Example, I use my right hand to hold the phone and when I am talking with someone I put my right thumb on the right side of the phone.
If there is a button there, it's annoying, while if I have to swipe from left to right ... well, it's still annoying.
Will I ever implement a swiping gesture from right to left to unlock the screen because usually the way I hold the phone is with my right finger on the right side and it's more convenient to me to swipe the other way round as it is convenient for all left hand users? Nope, I don't even want to remember that thing exist, I have to create something completely new being careful that what I am doing does not touch the other patent ... cool, uh?
This happened with Compact Discs, and it brought us DVD first and Blu Ray after. In the meanwhile, another standard better than CDs but a bit less capable than Blu Ray died ... fair enough, we have new hardware for all these technologies but how comes in the hardware field the patent problem is not so strong as it is for the Software one?
3D TV, all vendors are making one, as well as CD players, DVD players, and Blu Ray players ... nobody cares about patents here, at least not the way we all do when it comes to Software.
I don't have any answer for this but I believe patents should be re-evaluated in their meaning because in the fastest field ever, as technology/software is, something that last for 10 years is too much and price to pay is too much as well as too much is the time between the patent pending and the patent applied status.
iOS5 brought massive performances boost to all Apple devices but even having the fastest and complete browser out there, Safari Mobile cannot do miracles when it comes to performances.
The side effect of not having performances oriented techniques in JavaScript and DOM world is that average web developers are not able to create cool stuff without draining the battery or being slightly fast only with most recent mobile devices.

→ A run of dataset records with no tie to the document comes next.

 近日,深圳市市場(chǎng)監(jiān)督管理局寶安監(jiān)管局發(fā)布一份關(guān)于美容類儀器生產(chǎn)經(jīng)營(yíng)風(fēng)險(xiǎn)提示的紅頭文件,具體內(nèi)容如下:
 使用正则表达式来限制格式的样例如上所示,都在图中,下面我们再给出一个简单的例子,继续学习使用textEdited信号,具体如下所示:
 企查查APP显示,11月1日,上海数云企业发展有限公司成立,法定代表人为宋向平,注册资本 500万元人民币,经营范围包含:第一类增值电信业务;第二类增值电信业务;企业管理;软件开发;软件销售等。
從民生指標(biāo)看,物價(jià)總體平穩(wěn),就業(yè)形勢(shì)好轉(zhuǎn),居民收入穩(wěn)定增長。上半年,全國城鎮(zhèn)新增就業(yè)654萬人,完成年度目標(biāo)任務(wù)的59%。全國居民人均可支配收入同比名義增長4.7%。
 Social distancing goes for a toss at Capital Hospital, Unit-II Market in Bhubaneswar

The need for performances in this Mobile era should be priority number one for W3C and a possible ES 5.2 milestone, after that take even 5 years to improve syntax with all sugar you want, if necessary, at least we can push Mobile Web Development to its limit in the meanwhile while many new proposals won't bring anything interesting, as far as I can read, performances speaking.

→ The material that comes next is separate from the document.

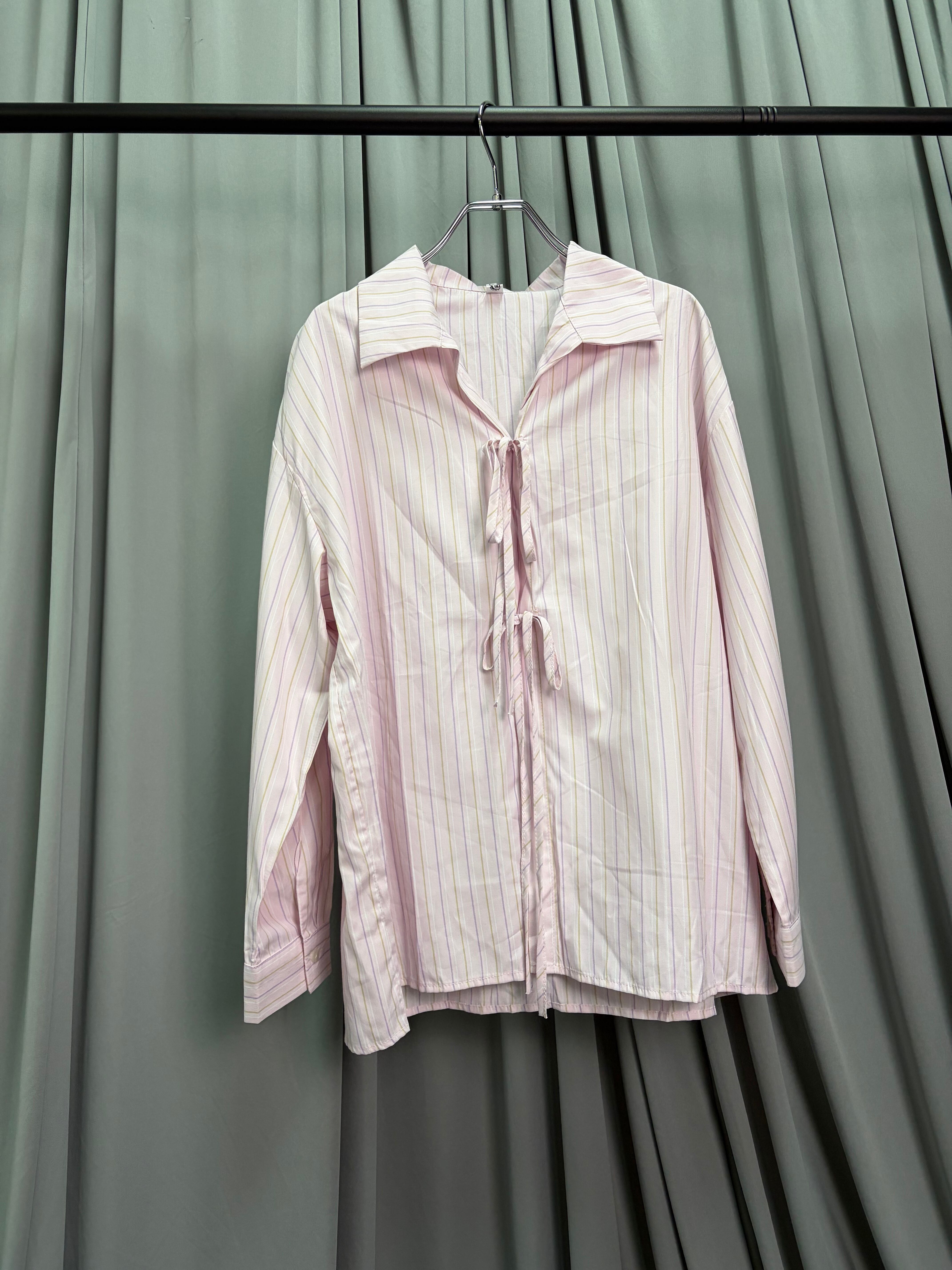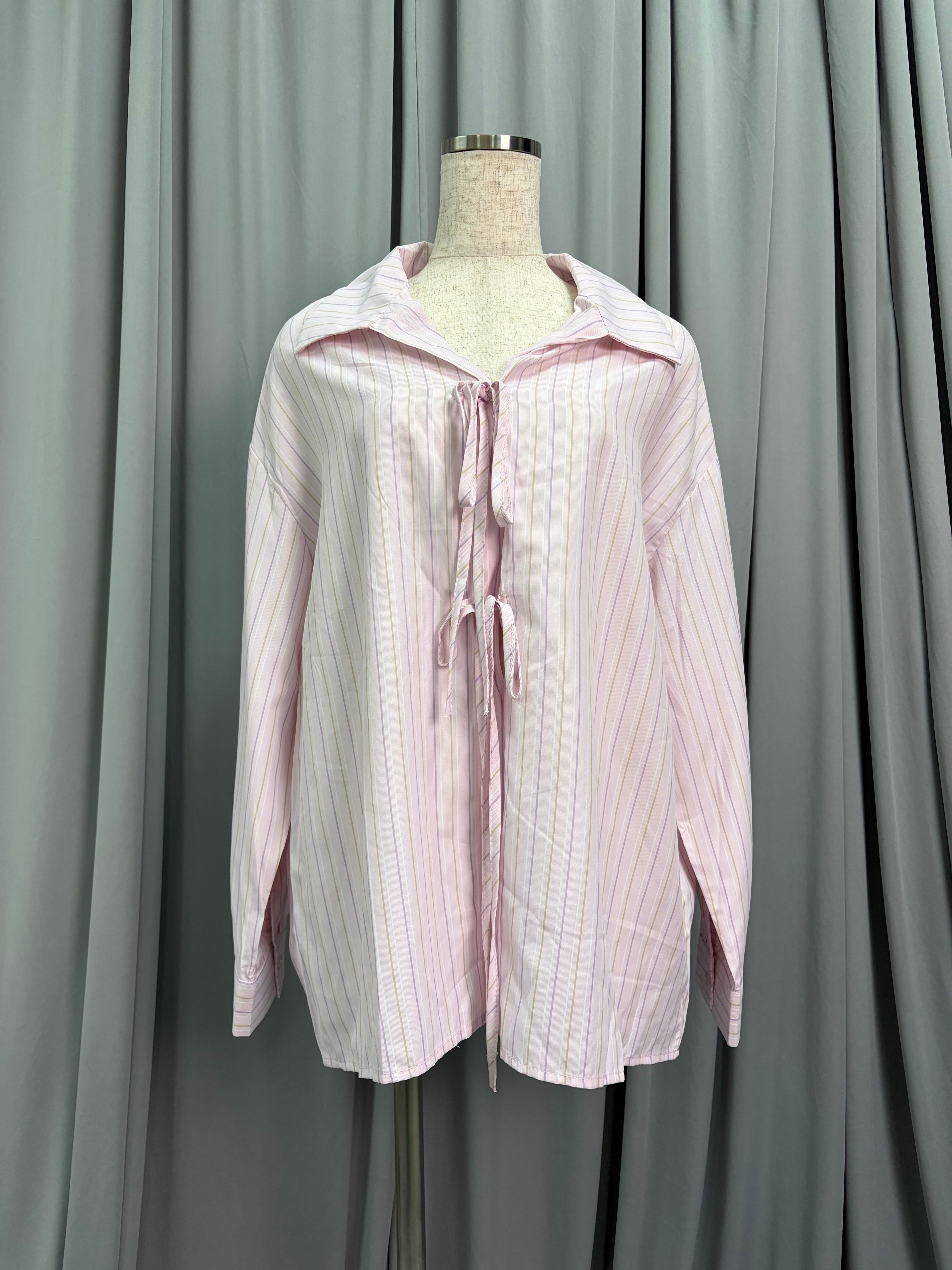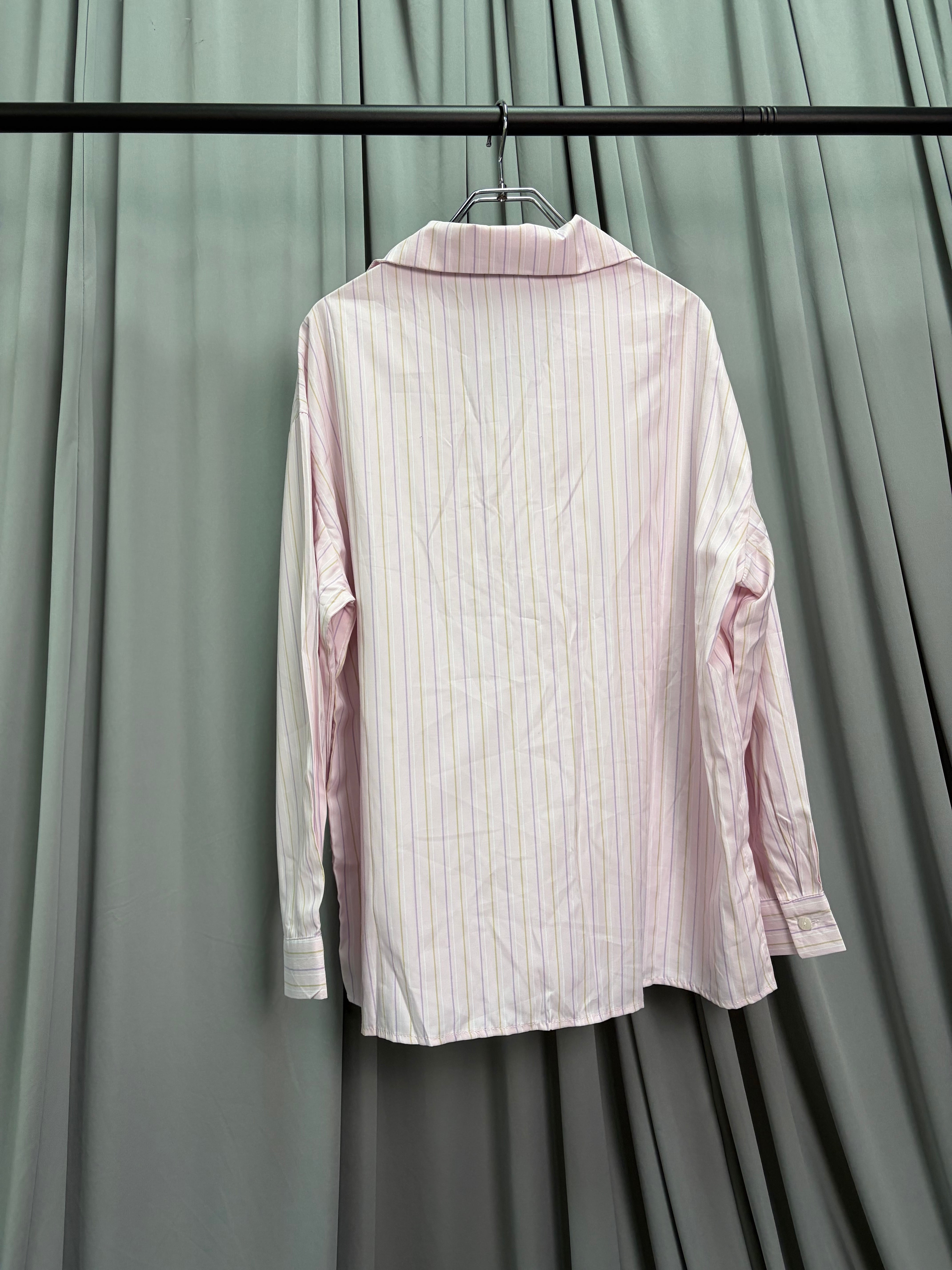 淡いカラーとストライプ柄がやさしい印象のシャツトップス。

We can deal with the fact protected and private variables are absent or different in JS, what we cannot deal with anymore is that a proper and fast 3D API is not available, that Parallels are not available, that WebWorkers are useless when it comes to move data back and forward, that postMessage requires a window.open which require a click which is too slow but cannot be faked ontouchend or window.open won't work anymore because not explicit ... that IndexedDB does not provide native way to join data and speed up queries, that DOM manipulation is slow, that we don't control repaints and/or reflows, that binary Arrays are still slow, that Structs like classes/objects are missing, that CSS3 is bringing logic in the view with lack of control ... etc etc ...
I don't care if Proxy are in the browser, if these are 2X slower than good old JS on mobile, you know what I mean? We need more performances now and more APIs finalized to have access to hardware layers only SDK can expose without granting any better usage than an experienced web developer.
Apple exposed it for Adds only, where adds are most likely those responsible for bad Web performances, generally speaking, due massive usage of Flash or arguable usage of automations to bring canvas Adds able to slow down all netbooks and tables out there .... congratulations, I'll never get this choices ... WebGL not for developers but for designers of adds only ... can I say brilliant?
Too few mobile devices are exposing WebGL if not none of them while basically every mobile device has a GPU compatible with Open GL 2.0 ES
Still experimental, true, and already available mainly for Chrome browser where Webkit, as well as Firefox, could do the same or truly similar. The direction WebGL is taking is not good at all and I can't wait to see cool demonstrations able to run with all WebGL capable browsers ... so far, not many of them ... and this is bad.
Sony enabled WebGL in its latest version of Android, still about fragmentation, so I am expecting at least every other vendor to bring WebGL in our current devices already capable ... it was a massive fail to drop it for the whole 2011, cool things may have been experimented already on devices plus typed Arrays could have been used more even for non WebGL related tasks.
Internet Explorer dropped the most misunderstood proprietary feature as expression was and webkit is introducing any sort of unmanageable logic inside CSS3? ... counters? webkitTransitionEnd withou webkitTransitionStart? No way to trigger properly transitions if not without asynchronous rendering? Lots of hacks to make them work cross platform with control through JS for something written in CSS?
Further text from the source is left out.